The three tiers of non-customers as defined by Kim & Mauborgne’s Blue Ocean Strategy are:
- Soon-to-be non-customers on the edge of your market waiting to jump ship.
- Refusing non-customers who consciously choose against your market.
- Unexplored non-customers in distant markets that are unfamiliar with your market.
3) Address consumer barriers
Address hurdles that uphold player retention or new player acquisition without compromising on the original design’s intent. All games have inherent weaknesses that prevent new players from entering, and that can frustrate current players to the point of leaving. While most barriers cannot be eliminated without changing core aspects of design, often, certain solutions can be implemented to help alleviate the pain.
Live service games in particular tend to suffer from ‘new player gaps’ that only get wider as new updates roll out. Think of a skill or knowledge gap that new players need to bridge when installing an older game. Or the amount of time (and money) that new players need to spent to be on par with others.
For some problems, solutions could be as simple as subtle UI improvements. Others require larger, more complicated solutions, such as for example, a matchmaking algorithm to even out the playing-field, or a coaching system that helps players understand complicated game mechanics.
Combined however, these barriers tell a lot about your product and audience.

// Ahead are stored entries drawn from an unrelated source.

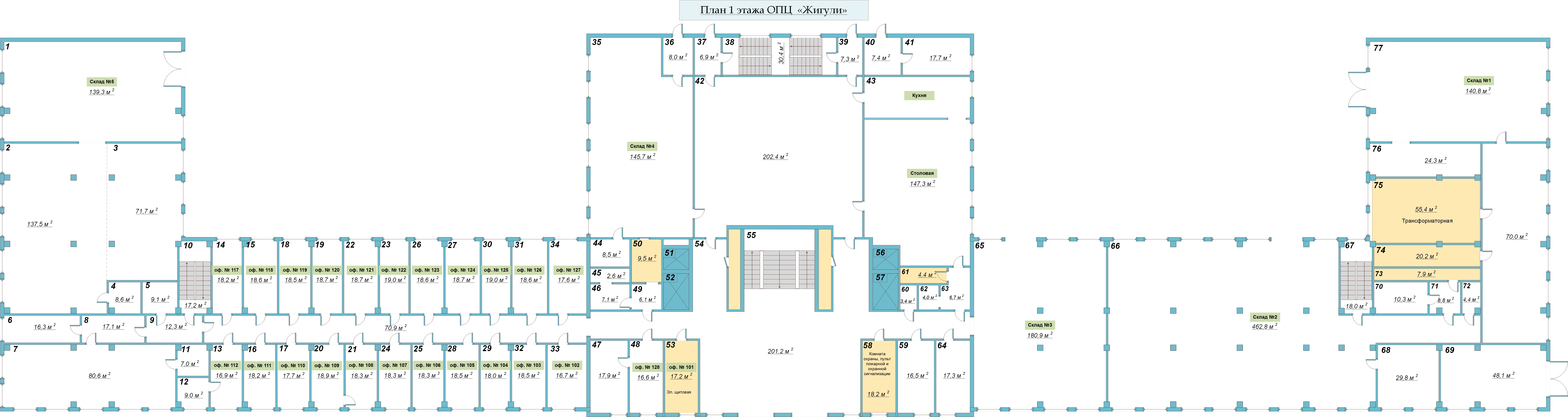 - вспомогательные/обеспечение (котельная, эл. щитовая, водоснабжение/водоотведение - 1 500 кв.м.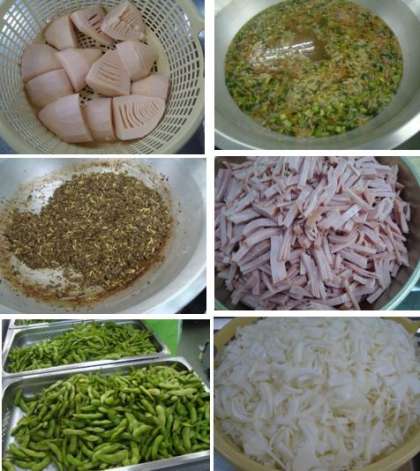「チンジャオニューロウスー ハムと野菜の中華スープ 枝豆 ごはん 牛乳」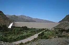 Puclaro Dam is an 83 m tall and 640 m long concrete face gravel fill dam with a crest altitude of 435 m. The volume of the dam is 4,630,000 m³. The dam features a spillway over the dam (maximum discharge 3,800 m³/s). The upstream concrete face varies in thickness from 0.45 m to 0.30 m.[2]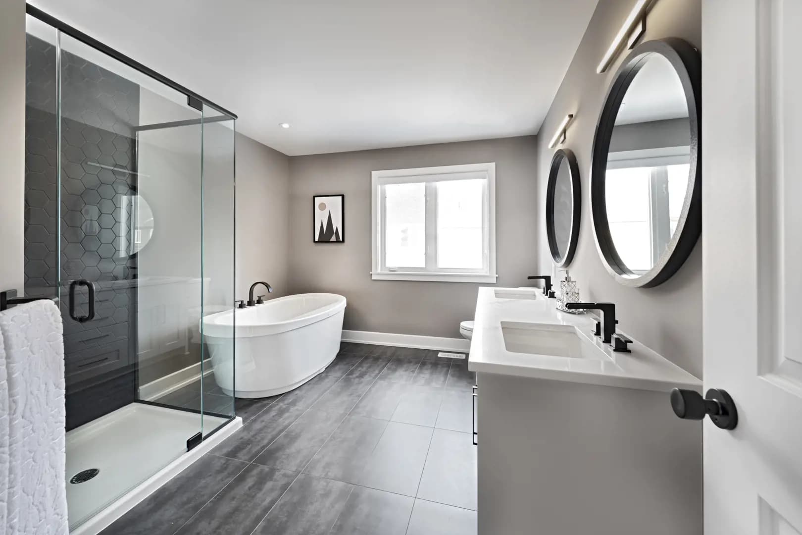 » LED pot light over all ensuite shower enclosures and main bath tubs
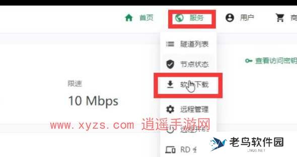 4、选择右上角的【服务-软件下载】,然后下载并安装服务器软件。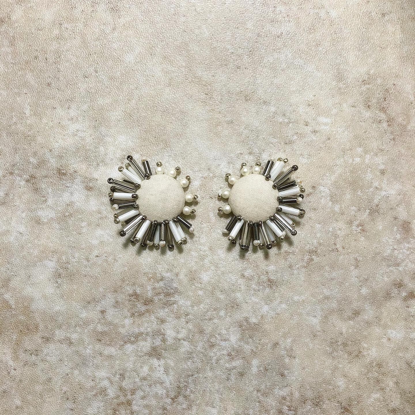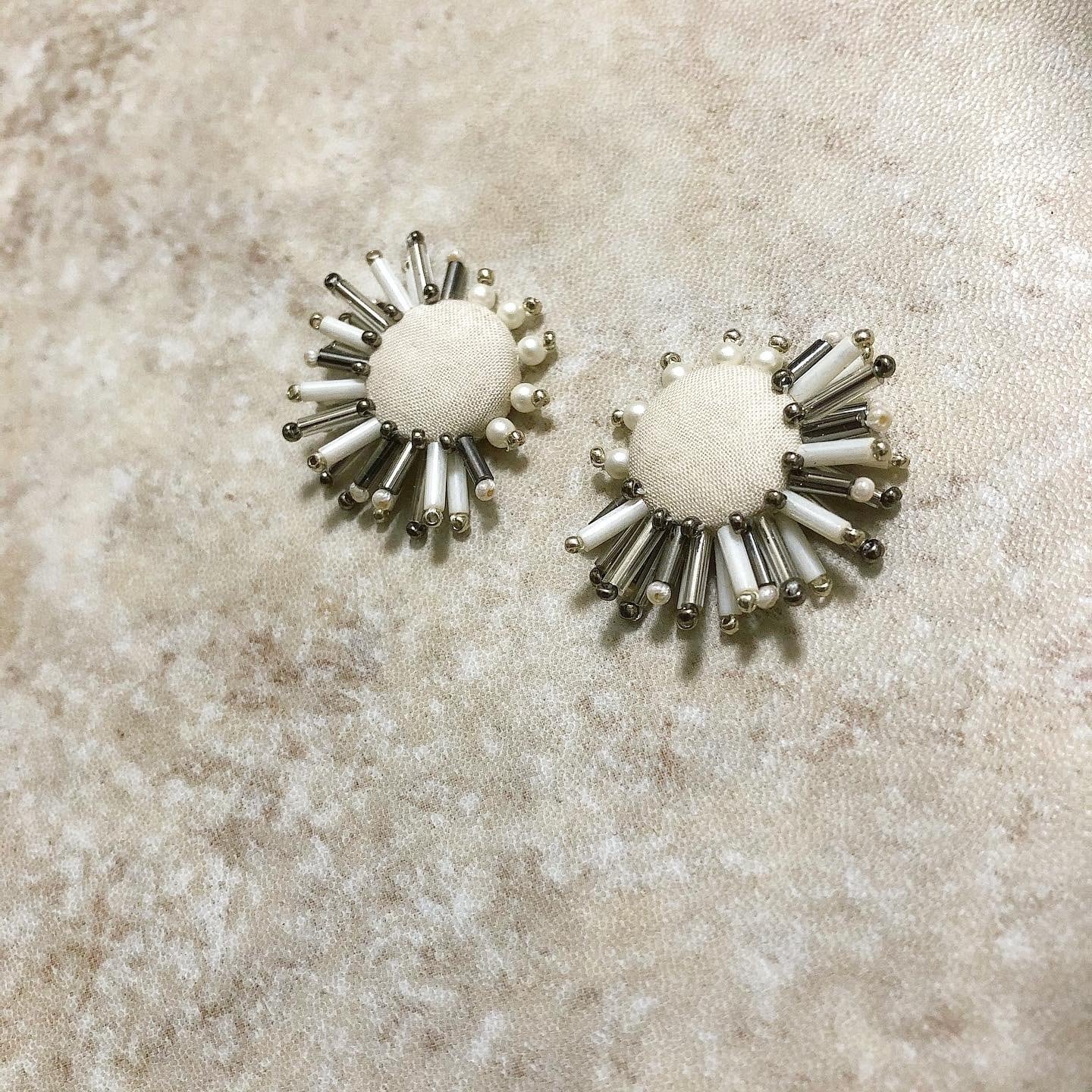 パールはくすみ系生成り、竹ビーズは乳白、白銀、消炭色の3種類を使用しました。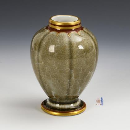 Sechspassige Balustervase mit Rundfuß. Heller Fond mit bräunlicher, unregelmäßig aufgerissener Glasur, an Hals und Fuß rotbraun-goldene Bordüre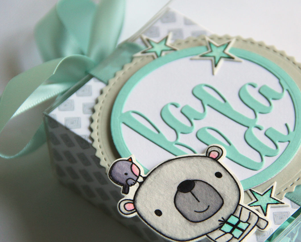 Next, I die cut Stone, Cloud White and Iced Aqua cardstocks using the Fa La La Circle Confetti Cuts, layered them together, and then secured them to the treat box using Scor-tape. To finish up, the bear and stars were adhered to the treat box front, then I covered the stars with Sugared Distress Stickles.
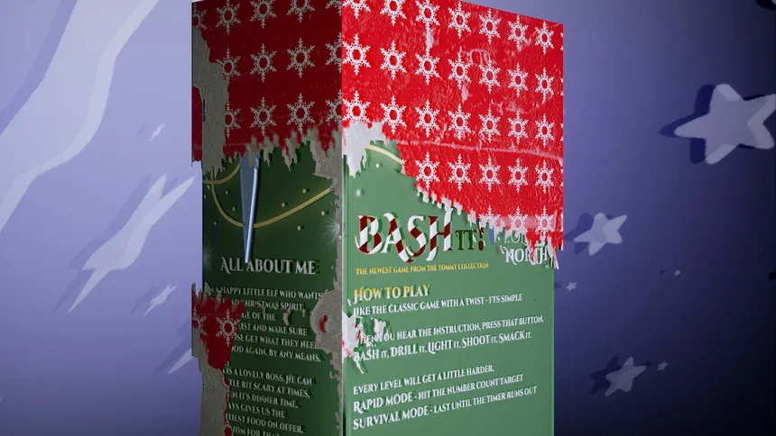 BASH IT! is a festive nod to the classic retro toy, where players must "Shoot it!", "Smack it!", "Light it!", "Drill it!", and "Bash it!". But not all is as it seems, as the beginnings of corrupted world is unveiled.
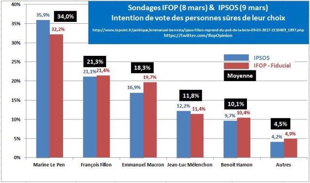 Ceci doit-il être considéré comme un signal ? Il s’agit de la parution d’un article US qui reprend des informations diffusées par Le Figaro, le 17 mars, sous la plume d’Ivan Rioufol selon lequel des “sondages secrets” circulant là où ils le doivent, “sous le manteau”, donneraient à Marine Le Pen près de 34% au premier tour (« Trêve de plaisanterie: ces bravoures d’opérette ne pèsent rien, bien sûr, devant la colère française. C’est elle qui, il y a quinze ans, avait mené par surprise Jean-Marie Le Pen au second tour de la présidentielle (16,86 % des voix). Aujourd’hui, sa fille double ou presque le score au premier tour, dans des sondages qui circulent sous le manteau… »). Suivant un des parcours habituel de la presse antiSystème, l’article US se réfère également à un article de RT-français du 17 mars, qui reprend l’article de Rioufol. L’article US est d’un site pro-Trump, TheGatewayPunfit.com le 20 mars (21 mars pour nous), suivi par ZeroHedge.com le même 21 mars, ce qui lui assure une très forte diffusion.

Addressing consumer barriers without modifying the core gameplay experience (through modular features, quality of life improvements, etc.) helps retain, grow and diversify your audience.
4) Don’t forget about the eighty percent
Most free-to-play business models are built around the Pareto principle, the law of the vital few, thriving off an approximate twenty percent of customers who are generating a vast majority of the overall revenue—the so-called whales, a casino term in reference of high stakes gamblers.
However, to ensure a healthy consumer base, it’s important that regular users don’t feel left out. A preferential treatment based on exclusive offerings catered to the wealthy few doesn’t accomplish that.
Instead, live service developers could take a page out of society, modelling revenue models after real world economics—a (more or less) balanced system, in where luxury products are rare but inessential, while essential products are abundant and cheap (and sometimes even free).
5) Monetize with integrity
From pay-to-win mechanics, to overpriced content that should’ve been part of the base game—anti-consumerism is a term often used to describe corporate greed that continues to tarnish the reputation of major and minor brands to date. Here are eight principles of fair monetization that can help build customer loyalty:
- Add value without taking away from the base game.
- Avoid the principle of loss aversion—don’t fabricate hurdles to sell a solution.
- Avoid instant-gratification practices by offering arbitrary rewards.
- Don’t prey on sensitive customers: offer time and refund opportunities to make a balanced purchase decision.
- Test price-elasticity, without increasing prices.
- Give away stuff for free, and offer generous deals.
- Cater to different customer segments, consider geo-pricing.
- Don’t offer pay-to-win solutions in a competitive setting.